Copernicium definitely isn't behaving as we expected without relativistic effects. There's some really interesting work going on with it at the moment by a team from the Paul Scherrer Institute (they go over to Dubna) and at GSI in Germany. We should get a better idea of how copernicium behaves relatively soon, I would think.

You have any hope for an island of stability past 120?

Yuri Oganessian feels there will be one around 120, and there are predictions there might be one after that. Much further beyond I think it's unlikely - relativistic effects mean that the elements are going to get really funky and strange (nuclei the shape of donuts, elements without electrons, just bare cations) so who knows.

Somewhat related topic: what advice do you have to someone currently graduating with a M.S in Biochem that is highly interested in science journalism but doesn't necessarily have a lot of experience?

Experience is important, even at the beginning, to start by trying to build a portfolio.

You've got a few options - there are sci comm postgrad courses or internships, and of course your own student paper - but you need to start writing.

Pitch to some of the magazines to see if you can do something; there's a host of opportunities for young writers. Start doing investigations - anyone can use the Freedom of Information Act to find out something. Look at people who could make an interesting profile piece and write about them. Get on Twitter and start networking (a lot of journalism is about who, not what, you know).

Most important of all: you're going to get rejections. Everyone does. Deep breath and try again.

Could any of these created elements already exist in nature?

YES. In space, almost certainly - probably when neutron stars collide or a sun goes supernova.

On Earth, we think flerovium (element 114) might exist naturally on Earth somewhere. We've been looking since the 1970s - from the San Francisco BART network to stained glass windows in churches to brine shrimp in the Indian Ocean. So far, no luck. The heaviest we have found that was here since the Earth's formation is a small amount of plutonium.

How do you determine which targets to bombard and what elements to use for bombardment?

Great question! On a basic level, you want to use something that adds up to the right number of protons. But with the technique being used at the moment (something called hot fusion) you also want a lot of extra neutrons. These neutrons are cast off during the fusion reaction, helping to stabilise the nucleus and preventing it from exploding.

There aren't many light elements that have loads of extra neutrons, but one that is easily available is calcium-48 (20 protons, 28 neutrons). This is also something called 'doubly magic', which is a big advantage. So, now you know you're using calcium (20 protons), you choose your target depending on what you want to make. For example, if you want tennessine (117), you need to shoot calcium into berkelium (element 97).

We can't use calcium to make elements beyond 118 because past element 98 there isn't enough material of any of the elements to make a viable target. So we're now using slightly different reactions.

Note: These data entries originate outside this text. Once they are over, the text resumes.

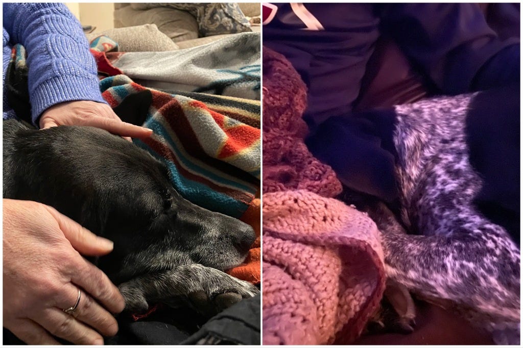 Scout will be my model for likely a lot of photos in this journey and she was last night and again this morning. She is a very cuddly dog. She loves to get close to us when we are on the couch and she has a way of seemingly continuing to push closer and closer. She definitely knows how to be cozy. Last night she cozied with my wife as we watched a zoom video of an honor one of our sons was receiving. So she was cuddling in the midst of a celebration. This morning, she found me after I made the mistake of reading emails and checking the news before I did my meditation time and fell into the trap of “doom scrolling.” She jumped up and curled right up next to me. She recognized what I was needing and she met me in that weighty space I was feeling this morning.
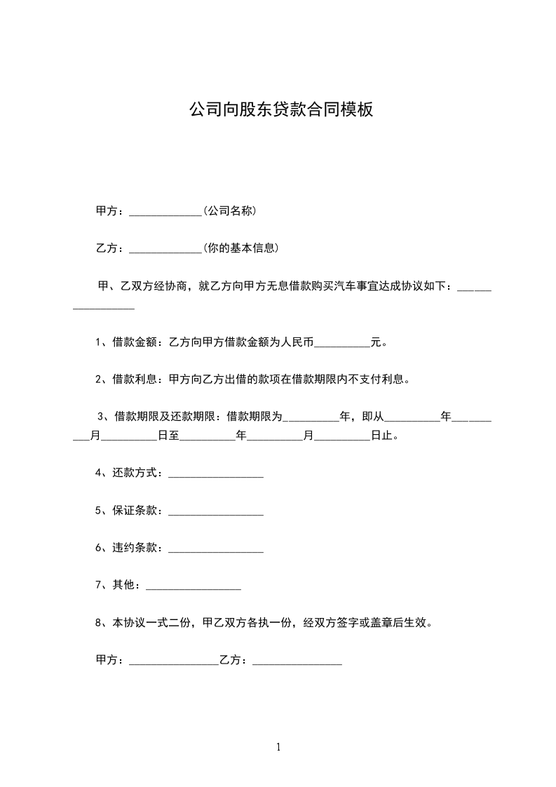 1、借款金额:乙方向甲方借款金额为人民币__________元。
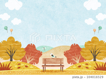 秋の紅葉と公園のベンチにとまる小鳥 自然の水彩背景イラスト
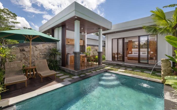 Arvanya Villa Ubud offers top-notch services and amenities, ensuring guests experience utmost comfort.Complimentary internet access is available in the resort villa to ensure you stay connected during your visit. Arrange your trips to and from the airport using the resort villa's convenient transportation services booking. Amenities at taxi offered by Arvanya Villa Ubud simplify the organization of your excursions, tourist activities, and other adventures in Bali. For guests with their own vehicle, parking facilities are provided. Continuously receive the support you require through front desk amenities such as express check-in or check-out and luggage storage. At the resort villa, their tours can even assist you in booking tickets and securing reservations for leisure activities and adventures. At the resort villa, utilize the convenient laundry service to maintain your preferred travel attire fresh, allowing you to pack lighter.Craving relaxation? In-room amenities such as room service and daily housekeeping allow you to maximize your time spent inside the room. Due to health concerns, smoking is strictly prohibited within the entire premises of resort villa.For the health and well-being of all guests and staff, smoking is restricted exclusively to assigned zones.Accommodations come equipped with all the conveniences required for a restful night's slumber. A selection of rooms feature linen service, blackout curtains and air conditioning to ensure your comfort and convenience.A few accommodations at Arvanya Villa Ubud also include unique design elements like a balcony or terrace.A number of rooms feature television for guest amusement and enjoyment. In certain rooms, the resort villa offers visitors access to a refrigerator, a coffee or tea maker, bottled water, instant tea and mini bar.Arvanya Villa Ubud offers a hair dryer, toiletries and bathrobes in the restrooms of specific accommodations. Allow your journey to be free from the pangs of hunger! On-site eateries offer delicious and accessible meal choices.An evening spent at resort villa's bar can offer as much enjoyment as venturing out with your fellow travelers. Are you inclined to prepare your own dishes? You will surely appreciate having the on-site shared kitchen available. Arvanya Villa Ubud provides a superb assortment of leisure amenities for guests to enjoy. Conclude your days in complete tranquility by visiting the massage situated precisely at the resort villa.At Arvanya Villa Ubud, a wide array of amenities guarantees a fulfilling experience throughout your visit. Make your holiday truly memorable by taking a rejuvenating plunge into the pool.
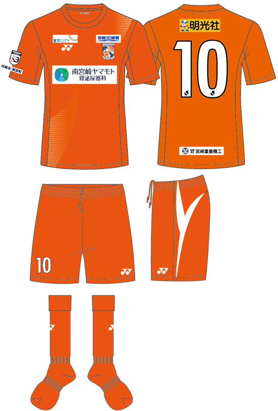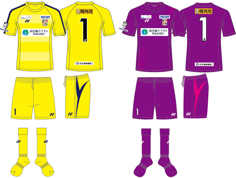 現時点での各部のスポンサーは、胸が「南宮崎ヤマモト腎泌尿器科」、背中上が「明光社」、背中下は「宮崎重量機工」、鎖骨右は「宮交シティ」、鎖骨左は「宮崎日日新聞」となっている。
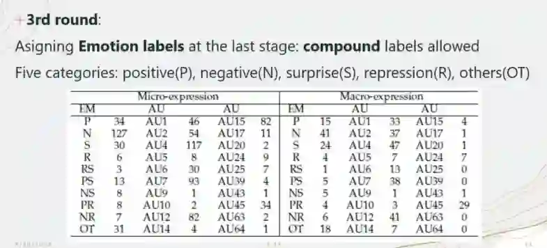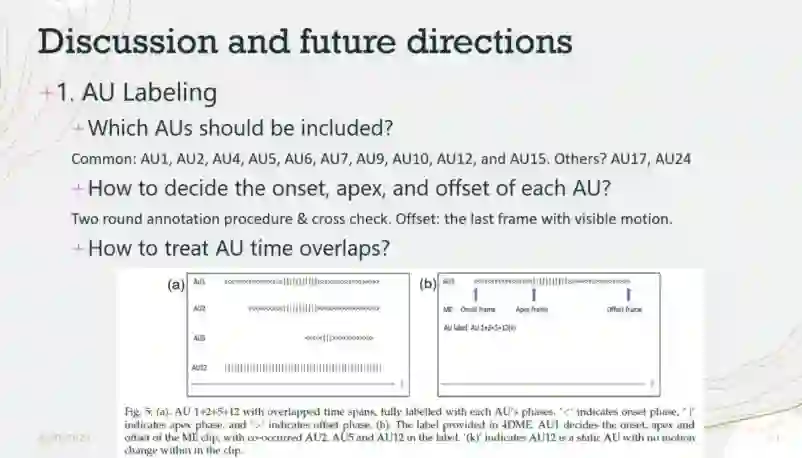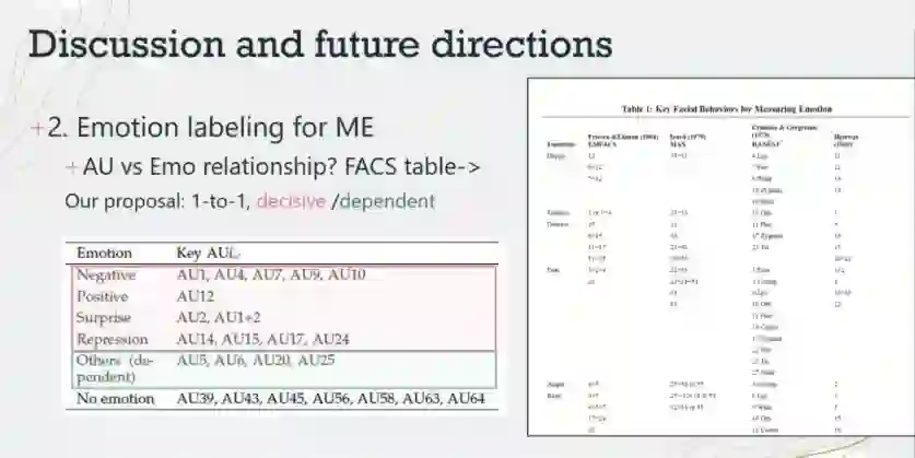 要性。李博士列出并深入讨论了与微表情注释相关的几个关键问题,特别是关于AU和微表情情感类别之间的关系。李博士提出了一个初步的AU-Emo映射表,并给出了合理的解释和支持性的实验结果。

I've heard that the possibility of the team in Dubna using a ⁵⁰Ti beam (also, that it was their contingency if ORNL couldn't supply them the ²⁴⁹Bk they needed to work with their ⁴⁸Ca beam, they would try a ²⁴³Am target with ⁵⁰Ti). They might get past 218 that way.

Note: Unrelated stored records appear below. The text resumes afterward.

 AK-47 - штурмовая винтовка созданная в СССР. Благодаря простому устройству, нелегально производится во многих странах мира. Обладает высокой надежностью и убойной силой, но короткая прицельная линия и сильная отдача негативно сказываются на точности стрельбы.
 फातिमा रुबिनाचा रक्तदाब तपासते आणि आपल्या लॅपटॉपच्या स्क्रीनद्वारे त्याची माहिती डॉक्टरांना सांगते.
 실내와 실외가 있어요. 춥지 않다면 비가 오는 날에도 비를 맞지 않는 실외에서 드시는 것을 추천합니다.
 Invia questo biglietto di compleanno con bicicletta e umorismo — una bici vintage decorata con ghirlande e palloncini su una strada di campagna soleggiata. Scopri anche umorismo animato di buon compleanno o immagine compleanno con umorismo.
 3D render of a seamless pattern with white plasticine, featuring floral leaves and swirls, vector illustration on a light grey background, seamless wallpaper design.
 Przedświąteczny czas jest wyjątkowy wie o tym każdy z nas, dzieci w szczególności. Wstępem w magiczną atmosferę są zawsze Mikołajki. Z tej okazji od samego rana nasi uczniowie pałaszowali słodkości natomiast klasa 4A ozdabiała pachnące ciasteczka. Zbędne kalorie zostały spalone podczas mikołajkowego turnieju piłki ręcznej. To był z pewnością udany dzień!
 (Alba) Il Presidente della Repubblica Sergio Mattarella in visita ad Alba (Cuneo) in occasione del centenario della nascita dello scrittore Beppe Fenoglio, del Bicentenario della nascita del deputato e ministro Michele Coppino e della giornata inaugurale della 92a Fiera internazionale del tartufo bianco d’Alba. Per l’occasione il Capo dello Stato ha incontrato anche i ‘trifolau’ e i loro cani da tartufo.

Dubna are using titanium 50 with the Superheavy Element Factory. The RIKEN team are using a vanadium beam.

This is one of the most interesting AMAs I’ve ever seen. Thanks for giving us a glimpse at your personal fascination with elements! I don’t really have anything to add, but I’m curious about your thoughts on a few simple things:

1. How did you cultivate your knowledge of chemistry, and how did you become such a skilled writer/speaker and educator? Somewhat ancillary, was there ever a “tipping point” where you suddenly knew you wanted to learn everything you could about elements?
2. What (if any) citizen science can be done around enabling laymen to be involved in any way?
3. Your username — /u/mrcchapman. Why a second “c” instead of a “k?”

Thanks again!

1) Practice? I've been writing about science for 13 years. I became interested in these elements when the last four got their names. It captured my imagination for a few reasons - one of which was that there was a petition to name an element after Lemmy from Motorhead!

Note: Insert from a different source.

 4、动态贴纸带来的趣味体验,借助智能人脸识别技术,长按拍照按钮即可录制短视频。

2) There's not really any citizen science in this area because it's both expensive and very dangerous if you don't know what you're doing (hey, we're dealing with nuclear material in a vacuum tube!).

3) You know, I have NO IDEA. Everyone assumes the 'mrc' stands for Mr C Chapman. Which I guess is an easy mistake. It doesn't, although I can't remember what the hell it does stand for when I made this account.

Where might these discoveries take us?

That's the really cool thing: we don't know. At the moment, it looks like oganesson, the heaviest element we've found, doesn't behave as it should. Oganesson, if you look at a periodic table, is in the noble gases: the same group as helium, neon and argon. It should be an unreactive gas. But we think it's a reactive solid. All the rules stop applying the heavier we go.

It also lets us model the universe far better. At the moment the fastest computer in the world can only model a supernova to about the creation of lead - much more than that and it's too much computing power to manage. But we can create another 36 elements in the lab, so we can do very basic experiments and learn much more about how our universe is constructed.

For the compute power required, is this because of exponential growth in tracking decays/fission/fusion the heavier the elements get? If so, with all of the new advances in compute power, is this field for simulations also seeing progress?

Yes and yes. This is one of the things Summit, the world's fastest computer at Oak Ridge in Tennessee, is currently being used for. Frontier, which will replace Summit in three years (and almost certainly be the new world record holder) is going to push us even further with models.

I've been inside Summit, by the way. It's INSANE: a space the size of four basketball courts filled with tens of thousands of NVidia graphics cards.

My son begins college next year and is interested in nano computer technologies. How will nano computing technology effect your field of study?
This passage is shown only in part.